Pharaoh Hound – Rabbit Hunter with a Royal Air

Ever looked into the real face of Anubis? Pharaoh Hounds are not to be confused with greyhounds and look very similar to their Egyptian counterparts. But how closely related are the hounds of Malta really to the Tesem hounds of the pharaohs? We get to the bottom of the matter and check the breed for suitability as a pet.

What Makes Kelb tal-Fenek so Special? The Breed Standard at a Glance

Externally, the pharaoh hound resembles other hunting dogs from the Canary Islands and Spanish Podencos. In fact, all dogs of the type used to be referred to as pharaoh hounds until that term was assigned exclusively to the Kelb tal-Fenek. With an ideal height at the withers of 56 cm for males (sizes up to 63.5 cm are not considered a breeding fault) and 53 cm for females (up to 61 cm at the withers are accepted), they are significantly larger than their close relatives.

External characteristics from head to tail

  • Pharaoh Hounds are easily identified by their wedge-shaped head, with the forehead and bridge of the nose running parallel. The muzzle is slightly longer than the skull, with a slightly pronounced stop.
  • In relation to the head, the amber eyes are quite small. They are set deep and appear extremely intelligent and serious due to their oval shape.
  • The nose is always liver-colored.
  • The triangular erect ears are very mobile and large.
  • The muscular neck does not develop a dewlap, it is quite long and dry. It turns into a straight profile line. The ribs are well arched and also slightly tucked up.
  • Forequarters are straight and parallel, hind legs are moderately angulated with well-padded pads.
  • The whip-like tail is wide at the base and tapers towards the tip. When excited, it is worn bent upwards.

Fur and colors

Dogs of the breed only come in one coloration: all purebred Kelb tal-Feneks are rusty brown in color and have liver-colored skin. The coat is evenly short (a few millimeters), and the hair structure is smooth and shiny. It can feel harsh or soft. Deviating from this uniform standard, only small white markings on the chest or on the tip of the tail are allowed.

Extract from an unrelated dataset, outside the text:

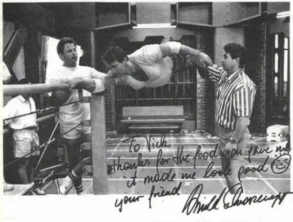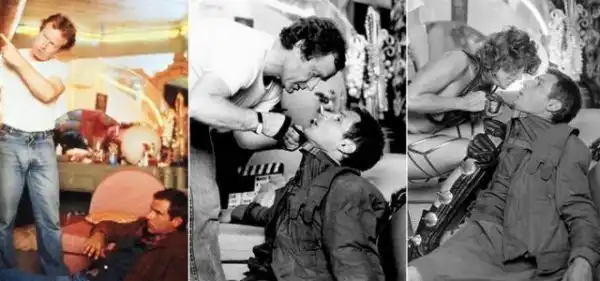 Джоэл Крамер, Арнольд Шварценеггер и Вик Армстронг репетируют сцену в «Вспомнить всё», 1990 год

The True Origin of the Kelb tal-Fenek: Unfortunately no Living Anubis

It has long been assumed that the Maltese curb tal-Fenek descended directly from the Egyptian them. The dogs depicted in ancient Egyptian works of art are referred to as Team, which also served as models for the god of the dead Anubis or Seth. However, modern genetic studies indicate a relatively recent evolution of the breed over the past 200 years. So Pharaoh Hounds are not real pharaoh hounds, they could rather be described as typical Canarian dogs. The breed has only been known in this country since the 1980s. The Pharaoh Hound has been listed as an independent breed by the FCI since 1991.

Close relatives of the breed

  • The Cirneco dell’Etna from Italy (possibly a direct ancestor)
  • The Podenco Canario from Gran Canaria
  • The Podenco Ibicenco from Ibiza
  • The Segugio Italiano

Traditional rabbit hunters

Kelb tal-Fenek means something like “hound of the rabbit” – on Malta, the attentive dogs are used for rabbit hunting and work in teams on night hunts. Loud barking is used for communication, which is also used to guard houses and yards. The Pharaoh Hound has been the official national dog of Malta since 1979.

The Nature of the Kelb tal-Fenek – Funny Playmate with a Serious Look

The Pharaoh Hound’s playful and friendly nature surprises many strangers, who tend to read the seriousness and sharpness in his eyes. In fact, the breed is very family-friendly and can be kept with other dogs as well. Only with cats and small animals can they not live well together because of their pronounced hunting instinct.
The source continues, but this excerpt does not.